**Task item**: Select all lines in the records that include "features".

**Data under study**:
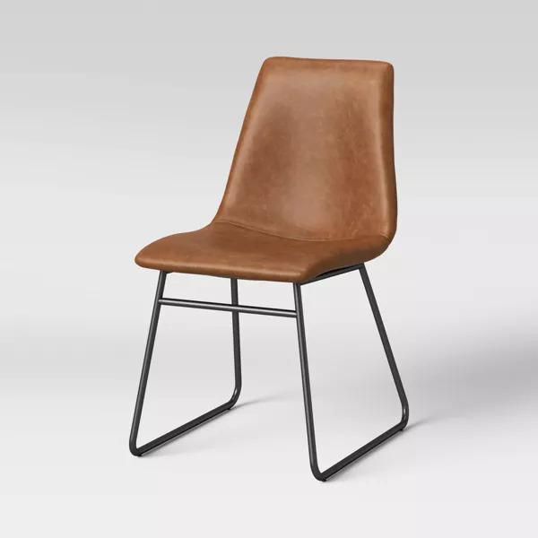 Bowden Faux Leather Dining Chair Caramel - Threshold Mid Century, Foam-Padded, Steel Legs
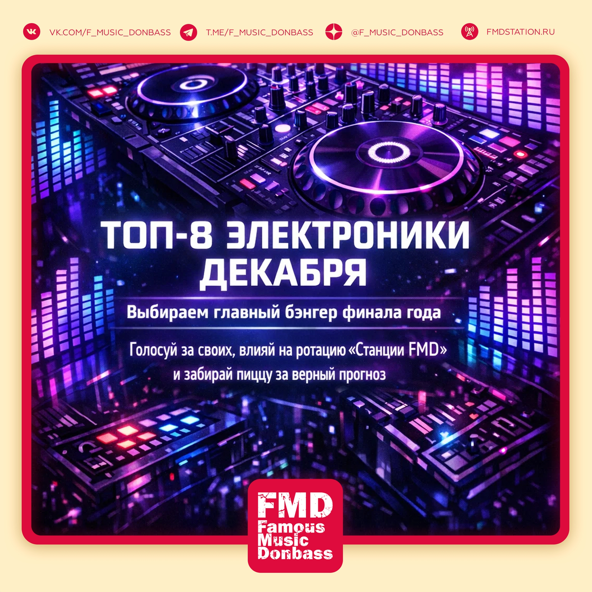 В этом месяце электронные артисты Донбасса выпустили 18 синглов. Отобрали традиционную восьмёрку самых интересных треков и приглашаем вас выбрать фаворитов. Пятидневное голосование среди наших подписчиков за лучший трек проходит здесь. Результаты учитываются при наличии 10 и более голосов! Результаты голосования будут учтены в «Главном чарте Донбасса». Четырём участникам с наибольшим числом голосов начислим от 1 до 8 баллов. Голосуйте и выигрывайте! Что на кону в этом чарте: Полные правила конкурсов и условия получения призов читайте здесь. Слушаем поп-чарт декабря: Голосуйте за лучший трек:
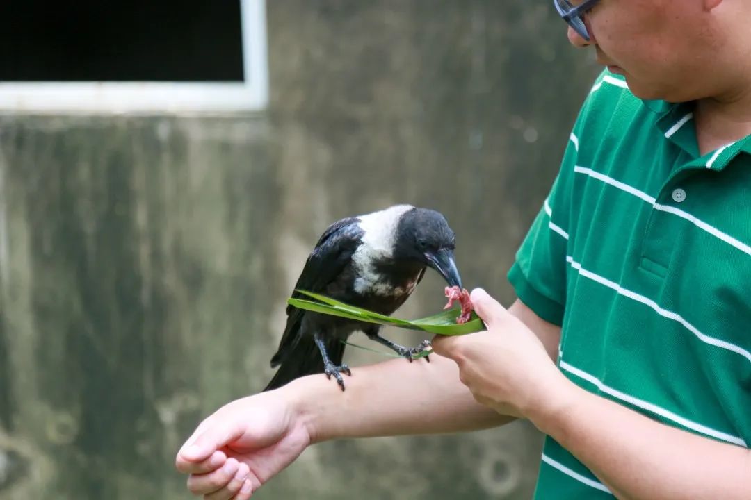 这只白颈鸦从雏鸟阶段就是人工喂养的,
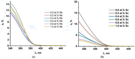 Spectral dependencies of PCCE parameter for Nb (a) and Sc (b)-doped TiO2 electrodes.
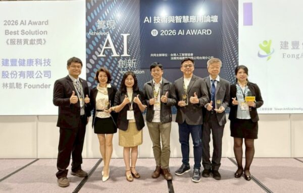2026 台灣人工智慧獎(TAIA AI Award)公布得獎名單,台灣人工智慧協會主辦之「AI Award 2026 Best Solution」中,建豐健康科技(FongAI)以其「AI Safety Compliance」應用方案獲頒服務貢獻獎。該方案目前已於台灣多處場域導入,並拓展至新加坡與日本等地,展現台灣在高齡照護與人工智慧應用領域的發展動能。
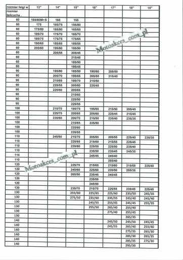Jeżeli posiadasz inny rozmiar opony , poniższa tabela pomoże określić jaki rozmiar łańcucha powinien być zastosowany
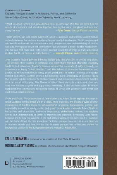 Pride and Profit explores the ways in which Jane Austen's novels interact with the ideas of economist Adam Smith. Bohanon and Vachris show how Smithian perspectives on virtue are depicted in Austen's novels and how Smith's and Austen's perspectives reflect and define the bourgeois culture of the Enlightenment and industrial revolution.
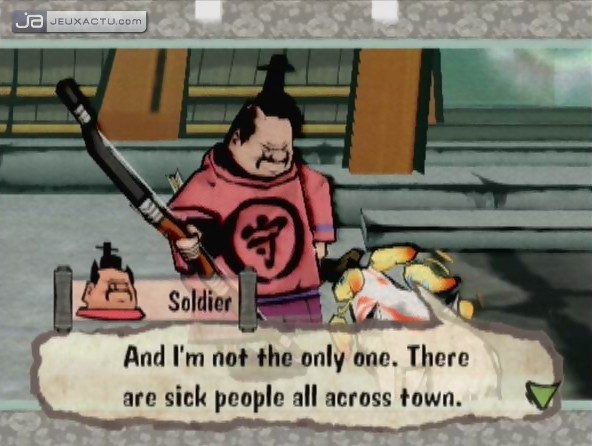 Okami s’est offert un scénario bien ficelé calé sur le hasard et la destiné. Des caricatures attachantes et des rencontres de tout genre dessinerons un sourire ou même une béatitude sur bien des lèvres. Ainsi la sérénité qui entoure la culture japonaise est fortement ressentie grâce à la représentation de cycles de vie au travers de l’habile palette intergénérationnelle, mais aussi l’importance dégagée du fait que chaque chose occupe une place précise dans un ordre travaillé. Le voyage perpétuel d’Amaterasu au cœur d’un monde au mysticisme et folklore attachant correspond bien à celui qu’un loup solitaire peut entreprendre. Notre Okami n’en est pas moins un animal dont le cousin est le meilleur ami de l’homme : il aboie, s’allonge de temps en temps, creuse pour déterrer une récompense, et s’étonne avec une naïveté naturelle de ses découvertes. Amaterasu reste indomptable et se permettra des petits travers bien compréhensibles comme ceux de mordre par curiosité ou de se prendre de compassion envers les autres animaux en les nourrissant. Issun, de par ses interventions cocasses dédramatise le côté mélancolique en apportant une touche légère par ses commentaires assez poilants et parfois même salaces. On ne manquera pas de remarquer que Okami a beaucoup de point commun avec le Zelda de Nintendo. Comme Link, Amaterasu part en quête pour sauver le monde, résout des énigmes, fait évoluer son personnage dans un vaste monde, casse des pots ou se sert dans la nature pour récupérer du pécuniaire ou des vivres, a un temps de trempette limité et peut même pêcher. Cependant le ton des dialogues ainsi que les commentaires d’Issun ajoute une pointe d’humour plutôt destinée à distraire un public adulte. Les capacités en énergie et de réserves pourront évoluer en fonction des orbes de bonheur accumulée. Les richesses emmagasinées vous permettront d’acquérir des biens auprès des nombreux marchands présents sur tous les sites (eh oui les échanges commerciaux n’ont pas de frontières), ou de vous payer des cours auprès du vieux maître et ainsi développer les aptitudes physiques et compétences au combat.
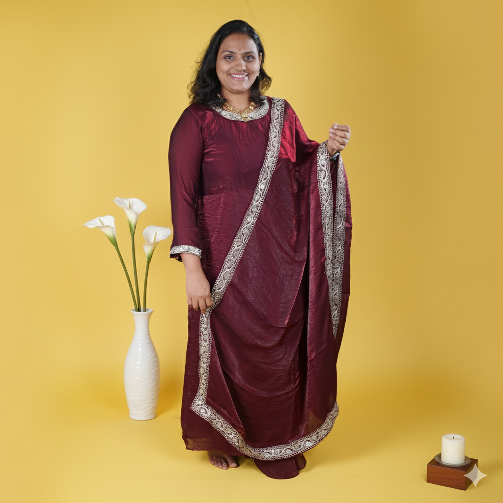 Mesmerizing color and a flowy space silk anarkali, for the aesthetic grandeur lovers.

--

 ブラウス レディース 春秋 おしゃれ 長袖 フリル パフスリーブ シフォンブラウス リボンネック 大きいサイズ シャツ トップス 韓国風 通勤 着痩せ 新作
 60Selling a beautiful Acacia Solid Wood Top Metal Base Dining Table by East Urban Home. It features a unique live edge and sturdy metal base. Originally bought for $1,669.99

---

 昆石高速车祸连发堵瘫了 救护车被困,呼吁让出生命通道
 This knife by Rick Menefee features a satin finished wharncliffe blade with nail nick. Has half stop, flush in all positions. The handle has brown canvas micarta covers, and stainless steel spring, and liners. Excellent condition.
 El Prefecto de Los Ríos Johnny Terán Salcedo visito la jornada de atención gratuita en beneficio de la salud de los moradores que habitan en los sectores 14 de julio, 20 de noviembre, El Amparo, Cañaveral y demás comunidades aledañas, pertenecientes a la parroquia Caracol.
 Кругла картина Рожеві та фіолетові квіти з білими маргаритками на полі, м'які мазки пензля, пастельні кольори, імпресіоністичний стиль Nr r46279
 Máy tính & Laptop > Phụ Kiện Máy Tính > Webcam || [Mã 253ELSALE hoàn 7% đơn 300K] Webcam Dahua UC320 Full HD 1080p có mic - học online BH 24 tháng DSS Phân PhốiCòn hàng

**Reply**:
 60Selling a beautiful Acacia Solid Wood Top Metal Base Dining Table by East Urban Home. It features a unique live edge and sturdy metal base. Originally bought for $1,669.99
 This knife by Rick Menefee features a satin finished wharncliffe blade with nail nick. Has half stop, flush in all positions. The handle has brown canvas micarta covers, and stainless steel spring, and liners. Excellent condition.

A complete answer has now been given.